Complicating the recordkeeping and reporting tasks for restaurants is the relatively high rate of turnover in the industry, and the significant use by most restaurants of part-time workers.
The “who is an employee” umbrella also raises the issue of independent contractors. The IRS is looking closely at these relationships, and the impact on your company can be significant if they decide that your contractors are really employees. If that happens, you will be responsible for withholding taxes, Social Security and other employment-related expenses. In addition, the reclassified workers can end a small company’s exemption from the ACA’s employer shared responsibilities. For example, if you have 45 full-time workers and five independent contractors, and the IRS categorizes the five as employees, your company has 50 workers and is no longer exempt.
An important issue in the restaurant industry is the “common control” rule. Let’s say you own a couple of pizza restaurants, with 20 employees at each location. Then you buy a donut shop, which has 15 employees. To the public, the pizza place and the donut shop are entirely separate, and you may operate them as completely separate businesses. But because they have one owner (you, or perhaps you and a few partners), the IRS may treat all three as a single entity. If the “controlled group” has 50 or more employees, together the operations are subject to the law’s requirements.
What about low-wage employees?
The restaurant industry traditionally has been an important source of employment for young people with little work experience and people with limited job skills. Historically, these low-wage jobs did not include health insurance benefits. Now the ACA is requiring restaurant operators to factor in the cost of health coverage, which can have a serious impact on the bottom line.
However, many if not most of these low-wage employees will actually be better off enrolling in Medicaid or another government health insurance program rather than signing up for the company-sponsored coverage.
Educating employees about these options, and understanding the totality of their family situations, can involve sensitive discussions that some HR departments are reluctant to undertake, which is why they often outsource this task to firms that specialize in this cost minimization activity.

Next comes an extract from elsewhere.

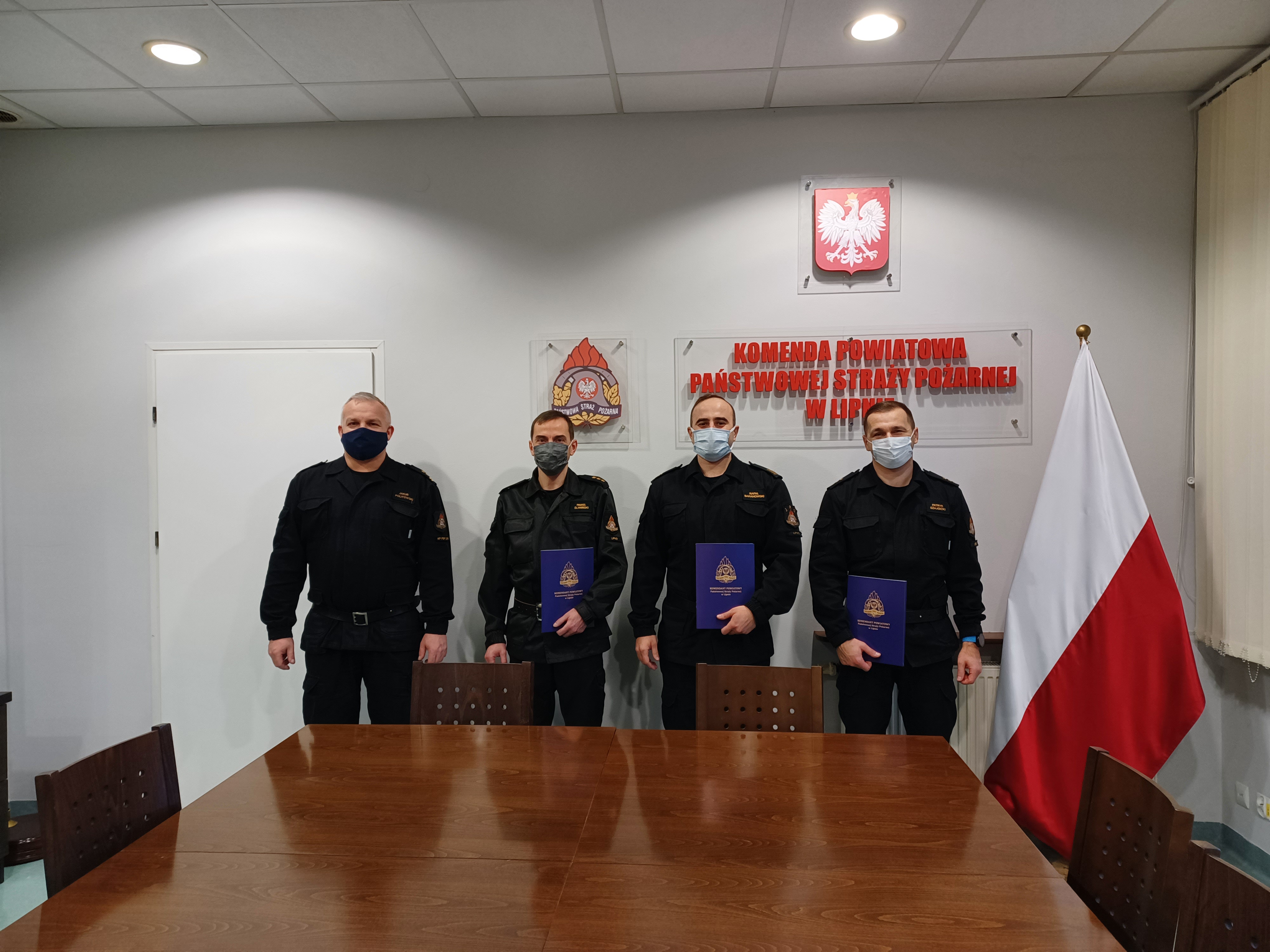 5 stycznia 2021 r. w Komendzie Powiatowej Państwowej Straży Pożarnej w Lipnie odbyła się uroczystość wręczenia aktu mianowania do służby stałej st. str. Kamilowi Gapińskiemu oraz aktów mianowania na wyższe stanowiska służbowe:

Here’s why Medicaid and similar programs may be preferable for both the employee and the restaurant operator. The company must offer a plan that provides at least “minimum value” in ACA jargon; that means it covers at least 60 percent of the actuarial cost of benefits. The plan also must be “affordable,” which in practical terms often means the employee’s share of the premium must not exceed 9.5 percent of his or her rate of pay, W-2 income wages or the federal poverty line for a single individual.
If a low-wage employee’s share of the premium for coverage under the company plan would be more than the “affordable” level, he or she may be able to enroll in Medicaid (or Medicare, VA insurance, Tricare, etc.) without causing the employer to be subject to penalties under the ACA. Also, government health insurance plans don’t have the burdensome deductibles or copays associated with company health plans. The employer, meanwhile, saves by not having to pay its portion of the employee’s coverage under the company plan.
Robert Sheen is founder and president of First Capitol Consulting, Los Angeles, which advises companies on implementation and cost minimization of Affordable Care Act–compliant employee health insurance programs. This content is for general information purposes only, and should not be used as a substitute for consultation with legal advice.